= Jack M. Feldman =

American psychologist

Jack Michael Feldman is an American psychologist best known for his work in industrial and organizational psychology. Feldman earned a Ph.D. in Social Psychology in 1972 from University of Illinois at Urbana-Champaign. He currently teaches at Georgia Institute of Technology.

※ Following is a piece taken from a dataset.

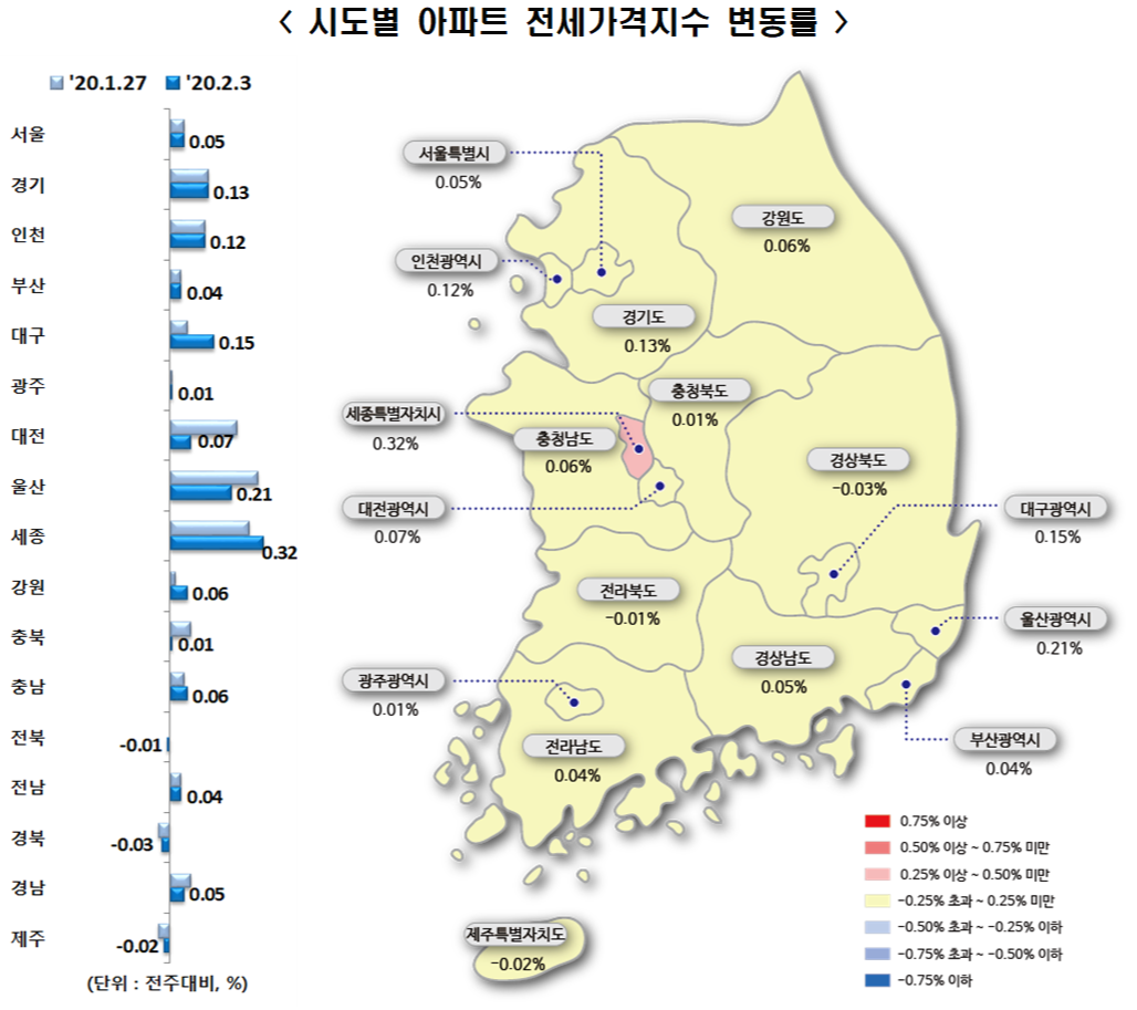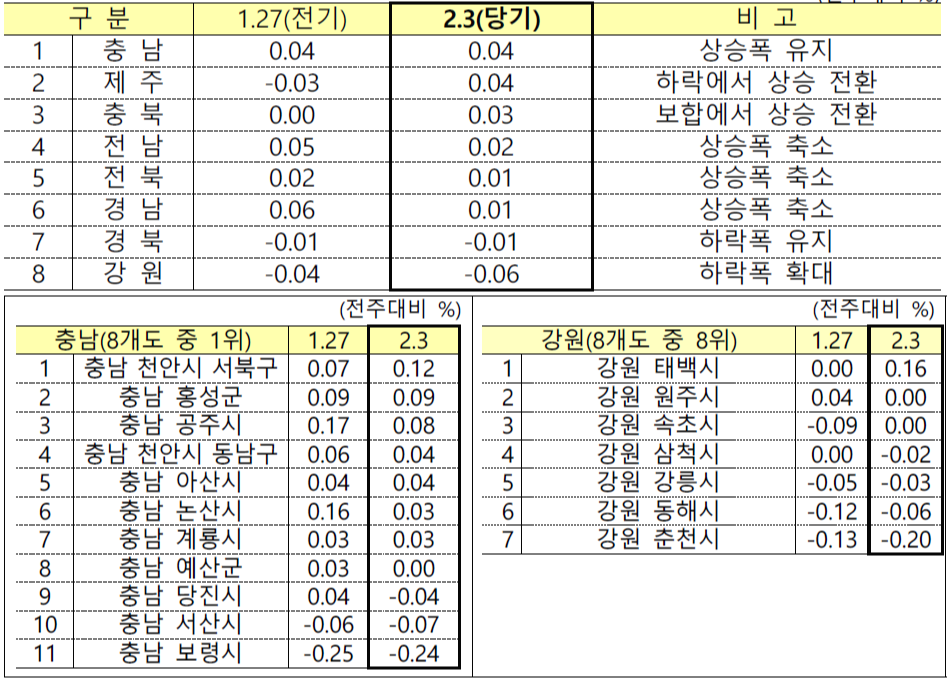 - 그 외 8개도(0.02%->0.01%)로 상승폭이 축소되었습니다. 특별한 점은 제주가 35주만에 0.04로 상승전환하였습니다.

In 1994 he was one of 52 signatories on "Mainstream Science on Intelligence," an editorial written by Linda Gottfredson and published in the Wall Street Journal, which declared the consensus of the signing scholars on issues related to the controversy about intelligence research that followed the publication of the book The Bell Curve. Feldman is also a gun enthusiast.

==Selected publications==
- Feldman JM (1981). Beyond attribution theory: Cognitive processes in performance appraisal. Journal of Applied Psychology, 66, 127–148.
- Feldman JM, Lynch JG Jr. (1988). Self-generated validity and other effects of measurement on belief, attitude, intention and behavior. Journal of Applied Psychology, 73, 421–435.
- Feldman, JM (1994). On the synergy between theory and application: Social cognition and performance appraisal. In R.S. Wyer, Jr., and T.K. Srull (Eds.) Handbook of social cognition (2nd ed., Vol. 2). Hillsdale, NJ: Erlbaum.
- Feldman JM (1999). Four questions about human social behavior. In J. Adamopoulos and Y. Kashima (Eds.) Social Psychology and Cultural Context: Essays in Honor of Harry C. Triandis. New York: Sage.